- Data shown -
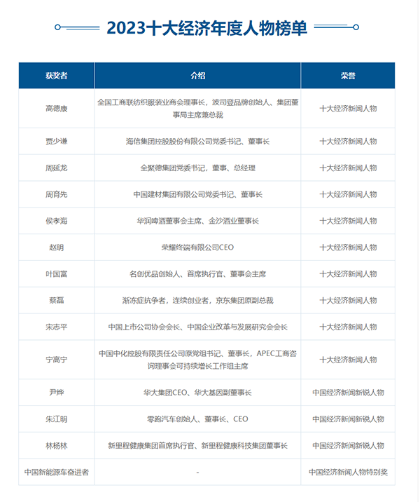 2023中國十大經濟新聞人物榜單正式公布,波司登高德康、海信集團賈少謙、全聚德集團周延龍等企業家被評為十大經濟新聞人物,中國新能源車奮進者獲得中國經濟新聞人物特別獎。據了解,本次評選以“致敬新時代驅動力”為主題,由中國經濟傳媒協會主辦。下面小編為大家整理了2023十大經濟年度人物完整榜單,一起來看看吧!
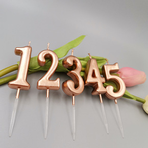 蛋糕装饰生日蜡烛 创意儿童数字0-9蜡烛玫瑰金色银...
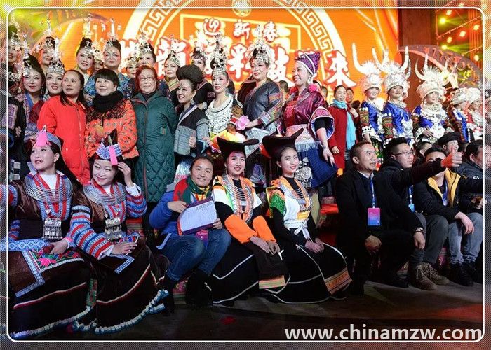2019年1月19日,由貴州省社科聯(lián)、貴州民族大學(xué)指導(dǎo),貴州省苗學(xué)會(huì)主辦,貴陽市苗學(xué)會(huì)、六盤水市苗學(xué)會(huì)、安順市苗學(xué)會(huì)、畢節(jié)市苗學(xué)會(huì)、銅仁市苗學(xué)會(huì)、黔西南州苗學(xué)會(huì)、黔東南州苗學(xué)會(huì)、黔南州苗學(xué)會(huì)、貴安新區(qū)苗學(xué)會(huì)、多彩貴州城建設(shè)經(jīng)營有限公司共同協(xié)辦的“迎新春-蝶韻楓彩鼓聲來”2019春節(jié)聯(lián)歡晚會(huì),在貴州省貴陽市“多彩貴州城”展示中心隆重舉辦。貴州省9個(gè)州市及貴安新區(qū)苗族、布依族、侗族、土家族、彝族、仡佬族、水族、回族、白族、瑤族、壯族、毛南族、蒙古族、仫佬族、羌族、滿族等17個(gè)少數(shù)民族載歌載舞歌盛世,歡天喜地迎新春。
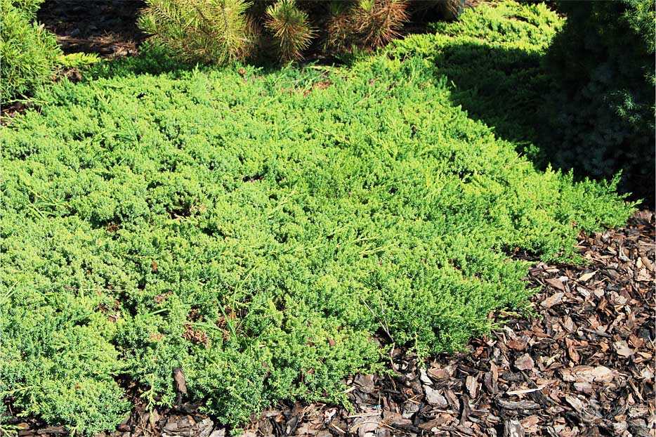 При желании можжевельник Нана можно присыпать мульчирующим слоем. В качестве мульчи используют древесные опилки, торф, сухую траву и листья, а также щепки.

- Exercise brief -
The answer should contain nothing but the lines from the top of the data above through the line containing "蛋糕装饰生日蜡烛 创意儿童数字0-9蜡烛玫瑰金色银...", copied exactly, with no images.

- Solution to this task -
 2023中國十大經濟新聞人物榜單正式公布,波司登高德康、海信集團賈少謙、全聚德集團周延龍等企業家被評為十大經濟新聞人物,中國新能源車奮進者獲得中國經濟新聞人物特別獎。據了解,本次評選以“致敬新時代驅動力”為主題,由中國經濟傳媒協會主辦。下面小編為大家整理了2023十大經濟年度人物完整榜單,一起來看看吧!
 蛋糕装饰生日蜡烛 创意儿童数字0-9蜡烛玫瑰金色银...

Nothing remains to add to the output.